Os dados, e o número recorde alcançado, refletem o fortalecimento dos mecanismos de proteção de propriedade intelectual no país cuja imagem esteve durante muitos anos associada à cópia e falsificação, mas também políticas nacionais de forte incentivo à aceleração dos indicadores de inovação. O anterior plano quinquenal do país, relativo ao período de 2011 a 2015, estipulava como meta estatística haver o registo de 3,3 patentes po0r cada 10,000 habitantes.

Se neste indicador de atividade de patentes, a China alcança ainda apenas um sexto lugar mundial (é também apenas terceira em número de patentes por unidade do PIB nacional), é por outro lado líder indisputada no campeonato dos números absolutos. E, ainda, vice-campeã da paridade na inovação.

Pela primeira vez este ano, a OMPI faz as contas ao número de mulheres envolvidas em processos de registo de patentes apresentados em 2015 e à sua proporção entre as equipas autoras dos pedidos de reconhecimento de invenção. Apenas na Coreia do Sul e na China são alcançados níveis na ordem dos 50 por cento. Na média global a participação feminina continua a ser minoritária, com 29 por cento.

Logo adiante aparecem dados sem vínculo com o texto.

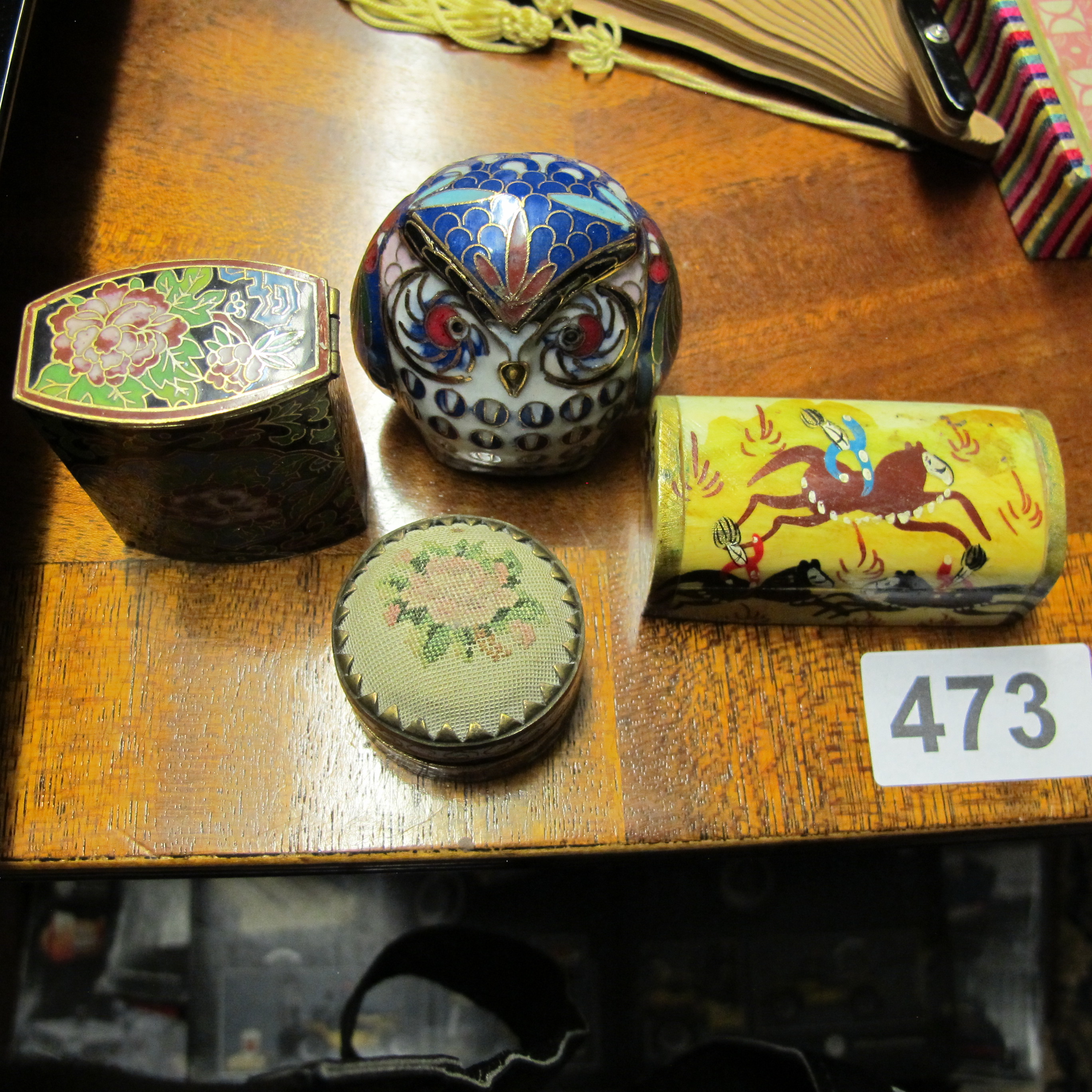 A collection of four decorative items including cloisonne enamel and petit point examples
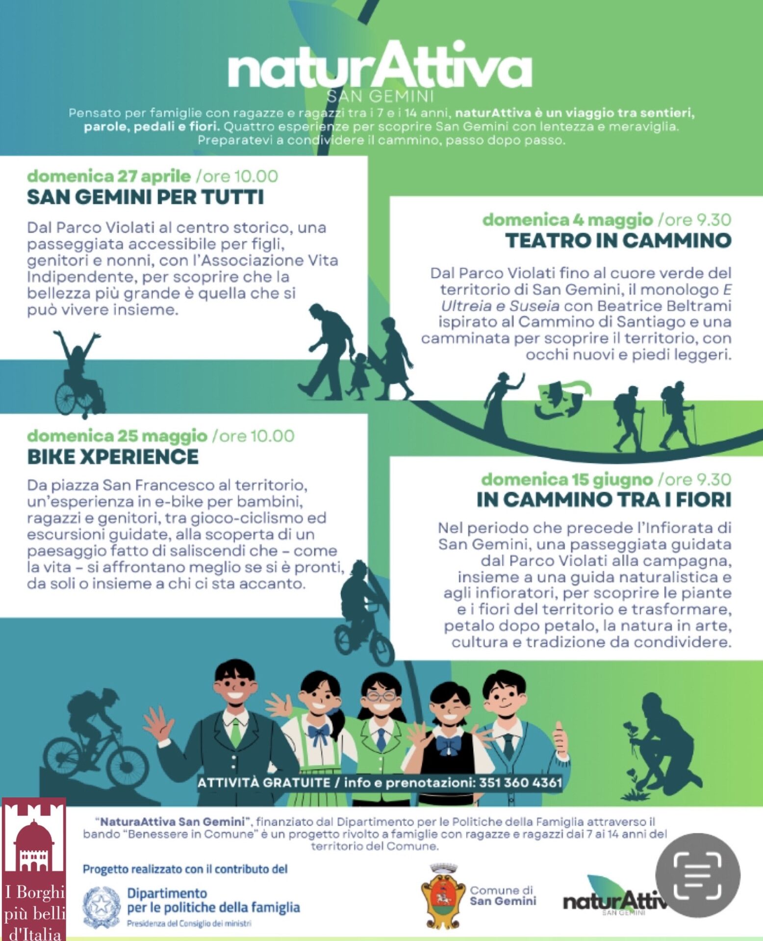 ๐ง๐๐ญ๐ฎ๐ซ๐๐ญ๐ญ๐ข๐ฏ๐ รจ il progetto del Comune di San Gemini pensato per vivere il territorio con occhi nuovi, attraverso esperienze da condividere tra genitori, figli e nonni.
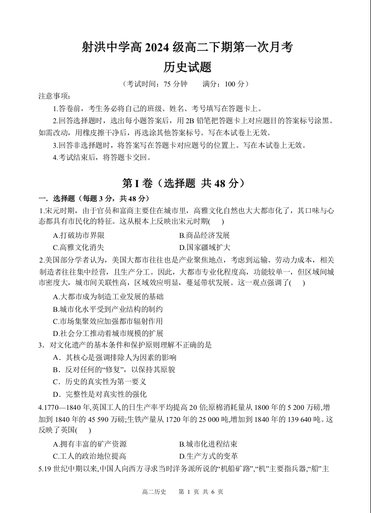 四川省遂宁市射洪中学2025-2026学年高二下学期第一次月考 历史.docx
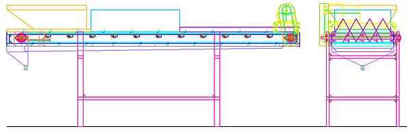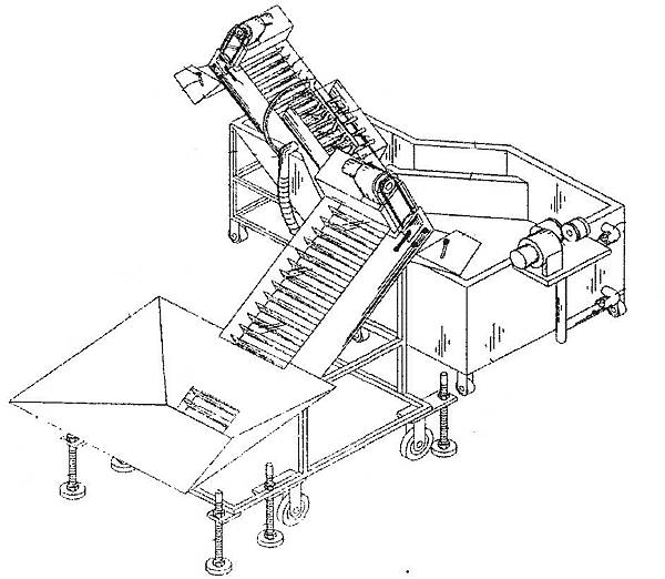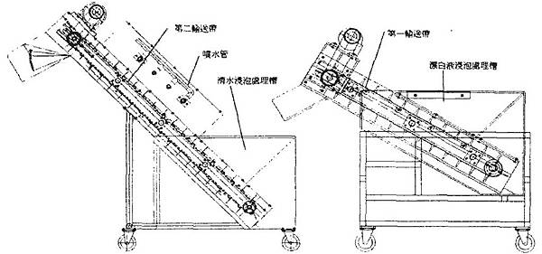 設計圖很簡單就只是一段直線的白鐵網輸送帶,前段是入料斗,中段是噴藥水區,尾段是讓藥水滴落回收區段,最下方是2mm厚的白鐵製藥水槽
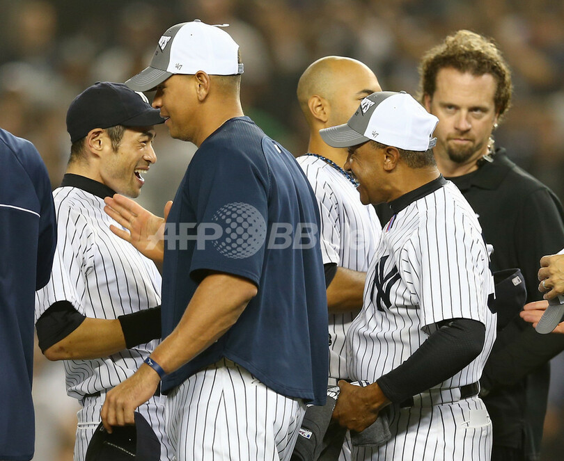 地区優勝を飾り、チームメイトと歓喜するニューヨーク・ヤンキースのイチロー(Ichiro Suzuki、左、2012年10月3日撮影)。(c)AFP/Getty Images/Elsa
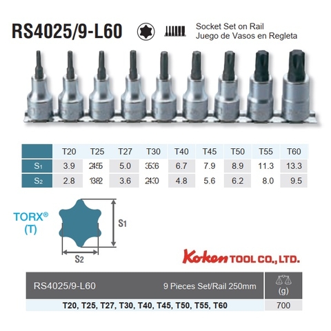 Thông số bộ đầu hoa thị Koken với chân khẩu 1/2 inch RS4025/9-L60:
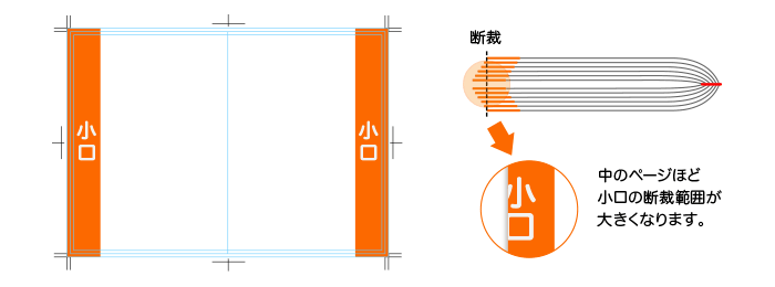 製造工程において、最後に上下と小口の三方を仕上げ断裁するため、中のページほど小口の断裁範囲が大きくなります。そのため、小冊子や比較的ページ数が少ない冊子に向いています。(弊社では8ページから96ページまで対応。ページ数は必ず4の倍数になります)
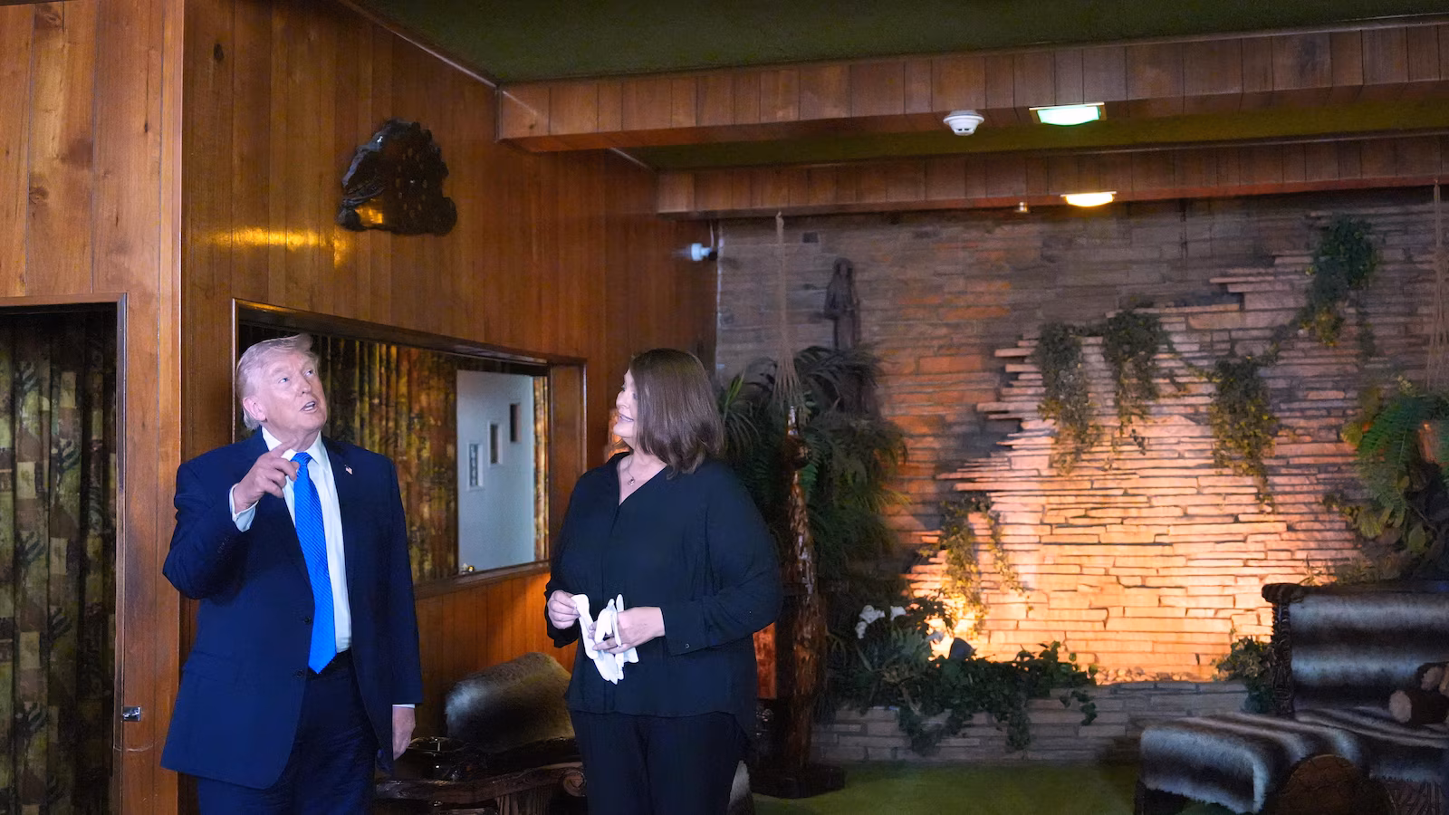 Graceland fechou temporariamente para que Trump pudesse fazer um breve tour privado, incluindo examinar um capacete do Exército que Presley rabiscou suas iniciais “EP” depois de se apresentar ao treinamento básico em 1958. Ele também procurou um aquecedor de pão na cozinha e caminhou pela sala conhecida como “Sala da Selva” por causa de seu tapete verde felpudo, móveis de estilo polinésio e cachoeira de pedra interna.
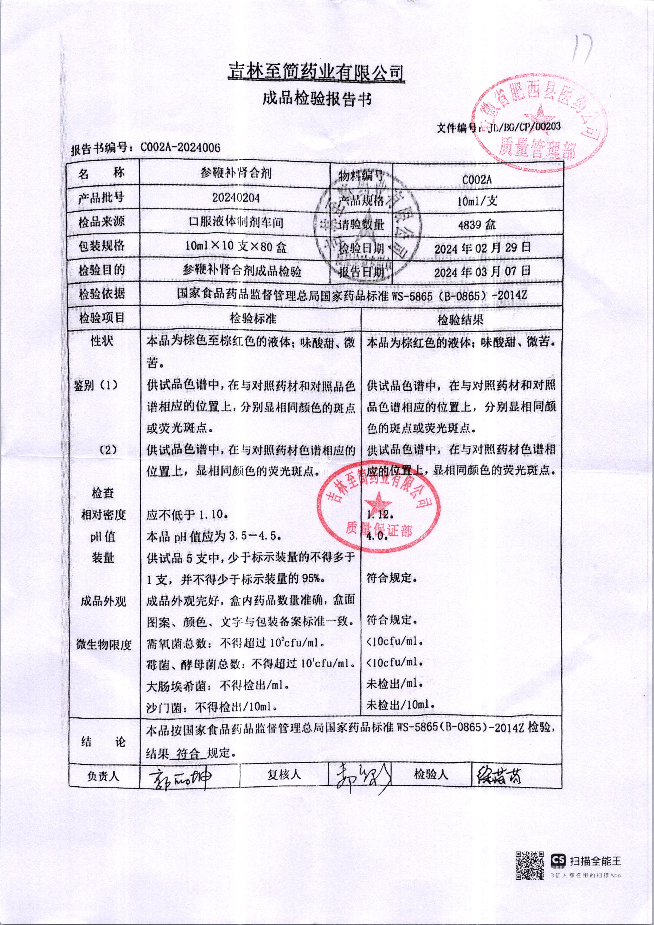 | 參鞭補(bǔ)腎合劑 | 10ml | 20250203 | 查看詳情 |
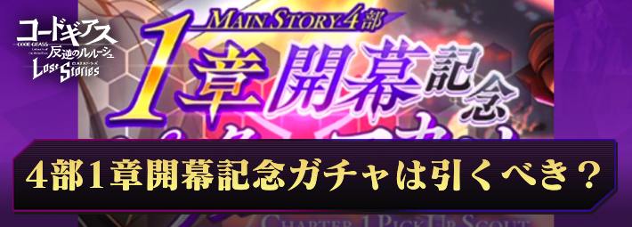ロススト(コードギアスロストストーリーズ)の4部1章開幕記念ピックアップスカウトは引くべきかを解説しています。新キャラの性能や解放KMFなども記載していますので、ガチャを引くか悩んでいる方はお役立てください。
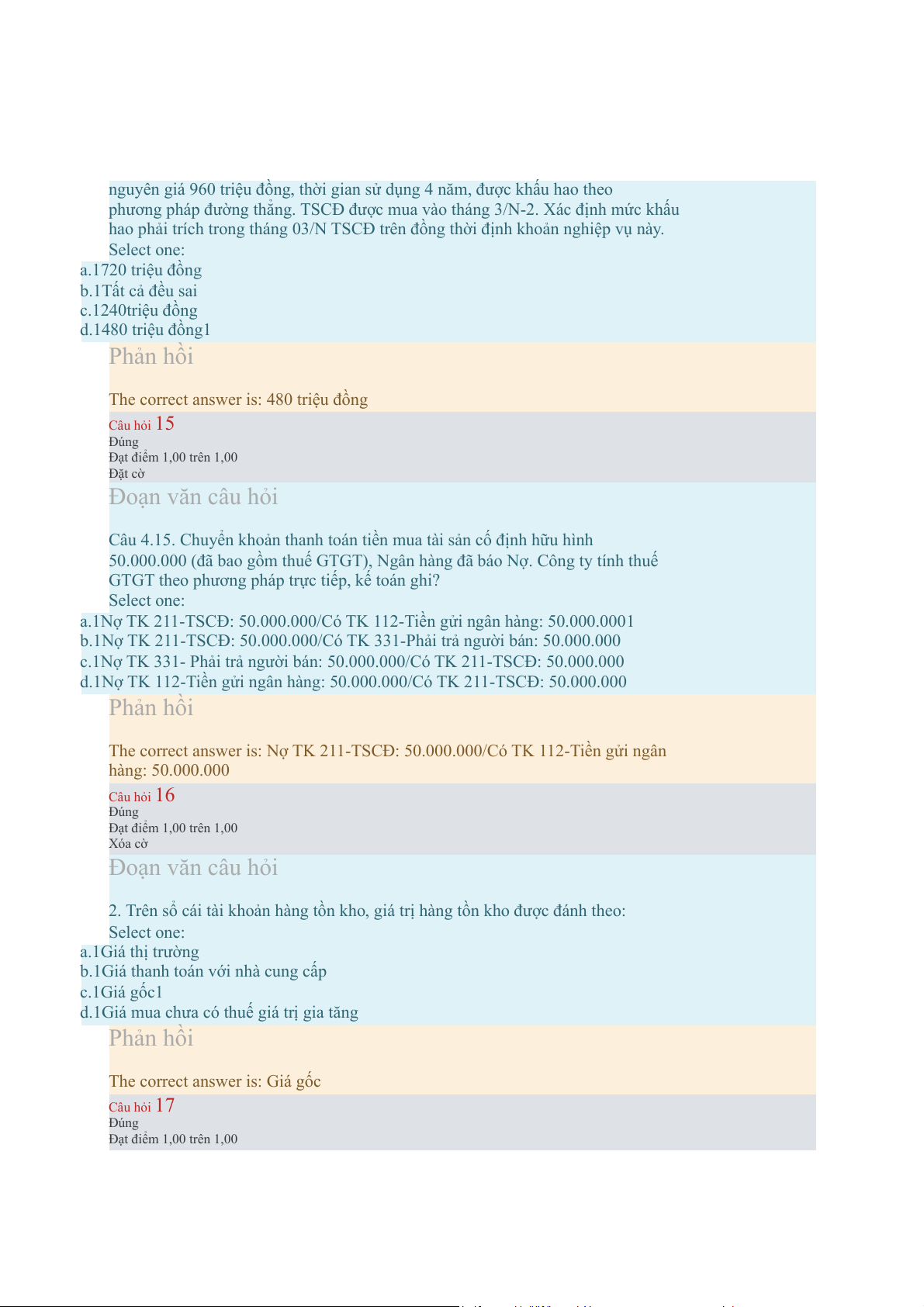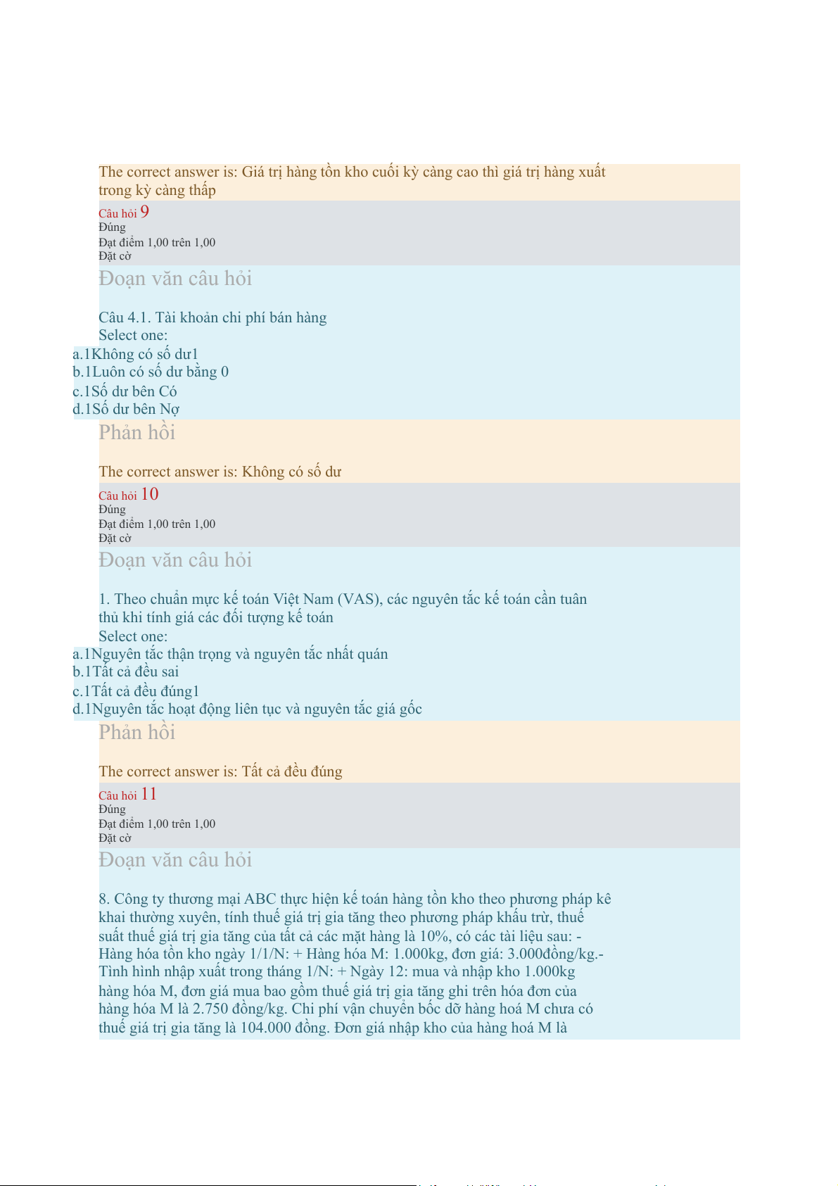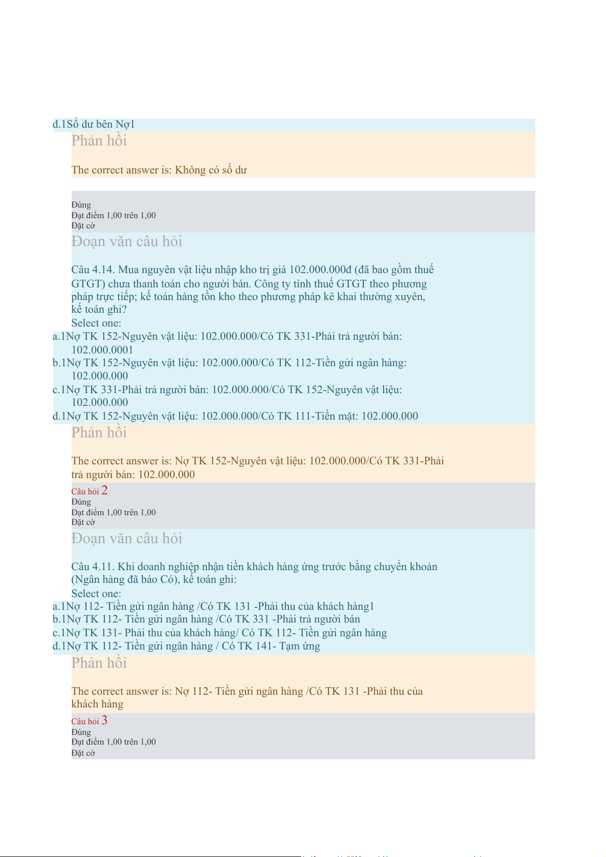 trả người bán: 102.000.000 Câu hỏi 2 Đúng Đạt điểm 1,00 trên 1,00 Đặt cờ Đoạn văn câu hỏi

“Países como a China e a Coreia do Sul têm contribuído substancialmente para a melhoria do equilíbrio de género nos últimos 20 anos”, reflete o relatório segundo o qual, ao ritmo atual, apenas em 2080 será atingida uma paridade global.

Na China, empresas como a ZTE, a operar nas infraestruturas de telecomunicações, distinguem-se com taxas de participação feminina de 51,1 por cento entre as equipas proponentes de novas patentes entre os anos de 2011 e 2015. Em quatro anos, 9,298 mulheres participaram novos projetos de inovação relativos a 13,076 pedidos de patente. Também a Huawei, com uma participação feminina de 50,5 por cento, teve 8,531 inventoras em 12,770 pedidos realizados no mesmo período.

Os números originados na China em 2015 são também responsáveis por uma tendência de maior crescimento da inovação na Ásia (mais de 60 por cento dos pedidos de patentes), mas, mais em particular, em países não desenvolvidos.

“Os países de rendimentos mais elevados receberam 53,5 por cento dos pedidos feitos em 2015, refletindo despesas elevadas com investigação e desenvolvimento. No entanto, a distribuição dos pedidos está a desviar-se para países de rendimentos médios elevados à medida que estes crescem na China e diminuem no Japão. Os pedidos feitos na China aumentaram de 173,327 em 2005 para 1,101,864 em 2015, enquanto que os apresentados no Japão diminuíram de 427,078 para 318,721”, nota o relatório.

Os números recorde chineses estão no entanto grandemente circunscritos a uma proteção nacional. Dentro da China e no exterior, entidades e indivíduos originários do país foram responsáveis por 1,010,406 pedidos de patente, com apenas 4 por cento destes a serem feitos no exterior – 42,154 no total. Trata-se de um número diminuto, mas que a OMPI assinala ter vindo a crescer, a par com o aumento da atividade internacional das empresas chinesas. Em 2010, a China fez no exterior apenas 15,300 pedidos de registo de patentes.